▶ **Instructions for the task**
Only the lines from the "野村晃子 花柄どっしりマグ【くれない色のブーケ】" line through the last line of the material below belong in the answer, reproduced exactly and with no pictures.

BEGIN Data excerpt

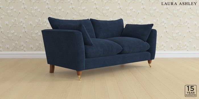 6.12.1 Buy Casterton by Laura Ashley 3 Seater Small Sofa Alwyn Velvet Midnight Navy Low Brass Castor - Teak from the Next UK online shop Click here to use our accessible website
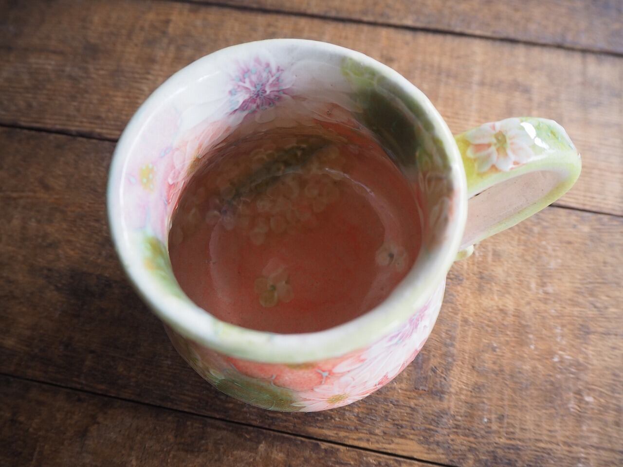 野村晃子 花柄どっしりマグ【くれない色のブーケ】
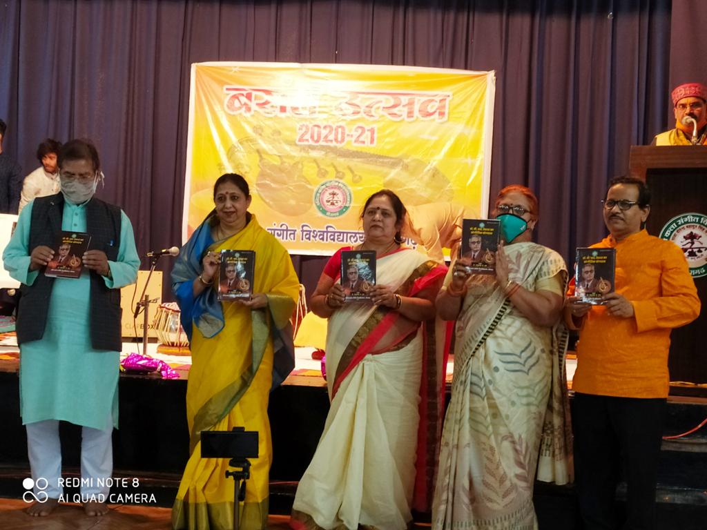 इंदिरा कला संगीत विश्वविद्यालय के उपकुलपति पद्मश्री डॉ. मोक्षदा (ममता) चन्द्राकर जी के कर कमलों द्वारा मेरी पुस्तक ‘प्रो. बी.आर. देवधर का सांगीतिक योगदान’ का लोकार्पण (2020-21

END Data excerpt

▶ **Response area**
 野村晃子 花柄どっしりマグ【くれない色のブーケ】
 इंदिरा कला संगीत विश्वविद्यालय के उपकुलपति पद्मश्री डॉ. मोक्षदा (ममता) चन्द्राकर जी के कर कमलों द्वारा मेरी पुस्तक ‘प्रो. बी.आर. देवधर का सांगीतिक योगदान’ का लोकार्पण (2020-21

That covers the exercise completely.